Every few months or so I get hit by this feeling. I don’t look on the outside how I feel on the inside. It’s not something I can place my finger on. It’s not, “if just do this it’ll be fixed”. It’s far too much that spins around in my head at once. Ideas on how I can express myself through my body. Here are my top ten that nearly always come up:
New hair colour
Get a dramatic fringe
Get a new piercing
Get a new tattoo
Change my wardrobe
Get my nails done
Get false eyelashes
Shave or cut all my hair off/short
Fake tan everywhere
Wear glasses
I get surrounded in these ideas and obsessed that I can’t be happy without at least one. I get an overwhelming feeling I’m not being my genuine self but I don’t know what my genuine self is.

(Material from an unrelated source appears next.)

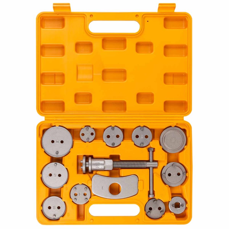 Набор из 13 предметов для обслуживания тормозных цилиндров редназначен для возврата поршней дисковых тормозных механизмов. Применяется при ремонте и обслуживании суппортов дисковых тормозов легковых автомобилей. Принцип действия данного инструмента основан на воздействии путем совмещения двух усилий, вращательного, перпендикулярно оси вращения поршня и осевого, для возврата в исходное положение поршня рабочего цилиндра тормозного суппорта. Комплектация: ключ с правосторонней резьбой 1 шт., упорная планка 1 шт., насадки-адаптеры 11шт., кейс.

As such I have 8 tattoos, 7 piercings, 3 piercings that are now removed, 1 tattoo that’s now covered, a history of every hair colour and style you can think of, tattooed eyebrows, on/off fake eyelashes, on/off fakes nails and on/off fake tans. My wardrobe and style moves from scruff to glamorous to studious to goth to well… anything.
Who am I? I don’t really think I know. And maybe that’s why I have these surges of feelings I don’t look like me. How does someone remedy that? Find themselves? Urg, how cliche. Maybe my dislike for cliches will keep me this way forever or maybe I will “find myself”.